What Are Claude Skills and Why Should You Care?

What Are Claude Skills and Why Should You Care?

Table of Contents

This is Part 1 of a 3-part series on building skills for Claude. If you’ve ever wished Claude could just remember how you like things done, this series is for you.

The Problem Skills Solve

Here’s a scenario that probably sounds familiar. You open a new conversation with Claude. You explain your coding standards. You describe the output format you want. You remind it about your team’s naming conventions, your preferred testing framework, the way you like pull request descriptions structured.

Then you do it all again tomorrow.

Every new conversation starts from zero. There’s no institutional memory. No continuity. You’re burning tokens re-explaining context that hasn’t changed since last week. And the outputs? They’re inconsistent. Monday’s code review follows your standards. Tuesday’s doesn’t, because you forgot to paste in that formatting prompt you refined three weeks ago.

This is the problem that skills solve.

A skill is a set of persistent instructions that Claude loads automatically when relevant. Instead of re-explaining your workflow every session, you encode it once. Claude picks it up when it needs it. Your standards stay consistent. Your tokens go toward actual work instead of repeated setup.

If you’ve ever maintained a CLAUDE.md file or a custom system prompt, you’ve already been doing a primitive version of this. Skills formalise the pattern and make it scalable.

What Is a Skill?

At its simplest, a skill is a folder containing a SKILL.md file. That file holds the instructions Claude follows when the skill is activated. Beyond that, you can bundle templates, example outputs, scripts, and reference documentation alongside it.

Here’s what a typical skill folder looks like:

my-skill/
  SKILL.md           # Main instructions (REQUIRED)
  template.md        # Template for Claude to fill in
  examples/
    sample.md        # Example output
  scripts/
    validate.sh      # Script Claude can execute
  reference/
    guide.md         # Detailed docs loaded on-demand

The only required file is SKILL.md. Everything else is optional and loaded on demand.

I like to think of skills using a cooking analogy. If you’re building AI-powered workflows, MCP (Model Context Protocol) provides the kitchen: the tools, the connectivity, the access to external systems. Skills provide the recipes: the domain knowledge, the workflow logic, the step-by-step instructions for producing a specific outcome.

A kitchen full of tools is useless without recipes. A recipe is useless without a kitchen. Together they enable complex workflows that neither could accomplish alone. A skill can reference MCP tools to pull data from Jira, check GitHub PRs, and push summaries to Confluence, all following a codified process that produces consistent results every time.

Progressive Disclosure: Why Skills Don’t Bloat Your Context

One of the first questions people ask is: “If I have fifty skills, won’t that eat up my entire context window?”

No. And the reason is progressive disclosure: a three-level system that makes skills remarkably token-efficient.

Level 1: Metadata (~100 tokens per skill)

This is always loaded at startup. It’s just the skill’s name and description from the YAML frontmatter at the top of SKILL.md. Claude reads these to know what skills exist and when to activate them.

With fifty skills, you’re looking at roughly 5,000 tokens of metadata. That’s negligible in a 200k context window.

Level 2: Instructions (under 5k tokens)

When Claude decides a skill is relevant to the current task, it loads the full SKILL.md body. This contains the actual instructions, workflow steps, formatting rules, and decision logic. A well-written skill body stays under 5,000 tokens.

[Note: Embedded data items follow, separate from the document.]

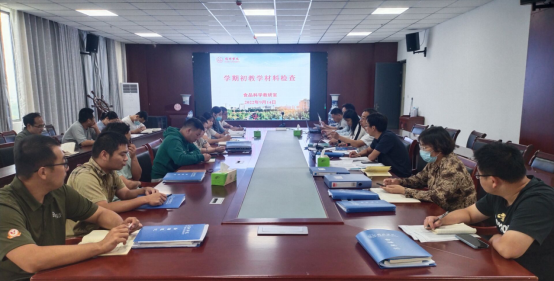 9月14日下午,伟德国际1946源自英国食品科学教研室、生物技术与药学教研室在实训楼A1105会议室开展《2022-2023学年第一学期期初教学材料检查》活动。院党委副书记、院长张兴桃、副院长王海潮、食品教研室主任陈军、生物技术与药学教研室主任李秀丽及各任课教师参加了本次活动。
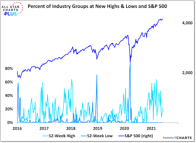 On the other hand, the percentage of industries in ACWI making new highs has been holding up well.
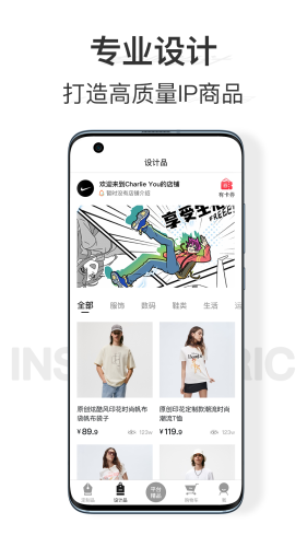 2、3D专业设计,可使用3D设计引擎将图片与商品进行融合创作DIY商品进行购买;

This only loads when triggered. If you’re writing code and your sprint-planning skill isn’t relevant, it stays at Level 1.

Level 3+: Resources (effectively unlimited)

The bundled files (templates, examples, scripts, reference docs) are loaded individually as Claude needs them. A skill could bundle 50 pages of API documentation, and it costs zero tokens until Claude actually reads a specific file.

This is the key insight: you can bundle unlimited reference material with zero context penalty until it’s accessed. A skill that includes a complete style guide, ten example outputs, and three validation scripts uses roughly 100 tokens at rest. The heavy resources only load when Claude needs them for the current task.

This three-level system means you can scale to dozens or even hundreds of skills without worrying about context bloat. Each skill is a lightweight pointer until it’s needed.

Core Design Principles

Skills aren’t just a Claude-specific hack. They follow a set of design principles that make them genuinely useful across different contexts.

Composability

Skills can reference other skills and call MCP tools. A code-review skill might invoke your git-conventions skill for naming standards, then use a GitHub MCP server to fetch PR diffs. You build small, focused skills and compose them into larger workflows.

Portability

Skills work across Claude.ai, Claude Code, and the API. Write a skill once, use it everywhere. The same SKILL.md file that powers your Claude Code CLI workflow works in a web conversation or an API integration.

Open Standard

Skills follow the Agent Skills open standard at agentskills.io. This isn’t a proprietary format locked to one vendor. The specification is open, which means the skills you build today aren’t trapped in a single ecosystem.

Skills + MCP: Better Together

I touched on the kitchen-and-recipes analogy earlier. Let me make this more concrete with a comparison.

CapabilityMCP AloneMCP + Skills
Access toolsYesYes
Domain expertiseNoYes
Consistent methodologyNoYes
Error handling guidanceNoYes
Multi-step workflowsAd hocCodified

MCP handles connectivity: standardised access to external systems through a common protocol. It gives Claude the ability to read from databases, call APIs, interact with cloud services, and pull data from dozens of tools.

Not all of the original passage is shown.